1.问题重现
- 测试环境
1.CDH6.1
2.Redhat7.4
3.集群未启用Kerberos
1.集群有一台服务器的NodeManager服务器启动失败,查看日志有如下报错:
Service NodeManager failed in state INITED; cause: org.apache.hadoop.service.ServiceStateException: org.fusesource.leveldbjni.internal.NativeDB$DBException: Corruption: 1 missing files; e.g.: /var/lib/hadoop-yarn/yarn-nm-recovery/yarn-nm-state/000005.sstorg.apache.hadoop.service.ServiceStateException: org.fusesource.leveldbjni.internal.NativeDB$DBException: Corruption: 1 missing files; e.g.: /var/lib/hadoop-yarn/yarn-nm-recovery/yarn-nm-state/000005.sst at org.apache.hadoop.service.ServiceStateException.convert(ServiceStateException.java:105) at org.apache.hadoop.service.AbstractService.init(AbstractService.java:173) at org.apache.hadoop.yarn.server.nodemanager.NodeManager.initAndStartRecoveryStore(NodeManager.java:282) at org.apache.hadoop.yarn.server.nodemanager.NodeManager.serviceInit(NodeManager.java:343) at org.apache.hadoop.service.AbstractService.init(AbstractService.java:164) at org.apache.hadoop.yarn.server.nodemanager.NodeManager.initAndStartNodeManager(NodeManager.java:838) at org.apache.hadoop.yarn.server.nodemanager.NodeManager.main(NodeManager.java:911)

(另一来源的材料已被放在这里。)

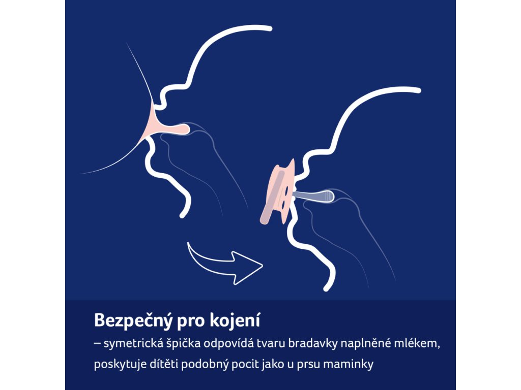 Symetrický tvar špičky vychází z tvaru bradavky naplněné mlékem, která poskytuje miminku známý pocit podobný pocitu z prsu.

2.重启该NodeManager服务多次以后仍旧报相同的错误。
2.问题解决
1.备份该NodeManager节点上的
/var/lib/hadoop-yarn/yarn-nm-recovery/yarn-nm-state目录:
[root@cdh03 hadoop-yarn]# tar cvzf nmstate.tar.gz /var/lib/hadoop-yarn/yarn-nm-recovery/yarn-nm-state/*
2.删除该NodeManager节点上的
/var/lib/hadoop-yarn/yarn-nm-recovery/yarn-nm-state目录:
[root@cdh03 hadoop-yarn]# rm -rf /var/lib/hadoop-yarn/yarn-nm-recovery/yarn-nm-state
3.再次重启该NodeManager服务
启动成功,问题解决!
3.总结
1.NodeManager服务如果因为意外关闭会导致在运行的container都关闭,当NodeManager重启成功后,NodeManager会重新启动container进程,但为了能获取到之前的container的状态,NodeManager会将container的状态保存到本地的文件系统。主要通过以下2个参数来控制:
yarn.nodemanager.recovery.enabled在CDH中,默认是true即启用NodeManager该特性。–NodeManager 恢复目录yarn.nodemanager.recovery.dir –启用恢复时 NodeManager 在其中存储状态的本地文件系统目录。默认情况下已启用恢复。在CDH中默认:/var/lib/hadoop-yarn/yarn-nm-recovery
2.对于本文提到的异常,即NodeManager用于保存container状态的文件损坏或者丢失,根本原因还有待确认,据说在YARN上有任务运行时,如果NodeManager所在节点的服务器重启,有可能导致该问题。
3.本文是采用删除恢复目录的方式来修复该问题,你也可以通过在CM中禁用恢复功能来解决:
a).通过CM进入YARN服务;
b).选择“配置”,搜索yarn-site
c).在YARN Service Advanced Configuration Snippet (Safety Valve) for yarn-site.xml中添加以下内容:
<property><name>yarn.nodemanager.recovery.enabled</name><value>false</value></property>
d)根据指引分发配置,并重启服务即可。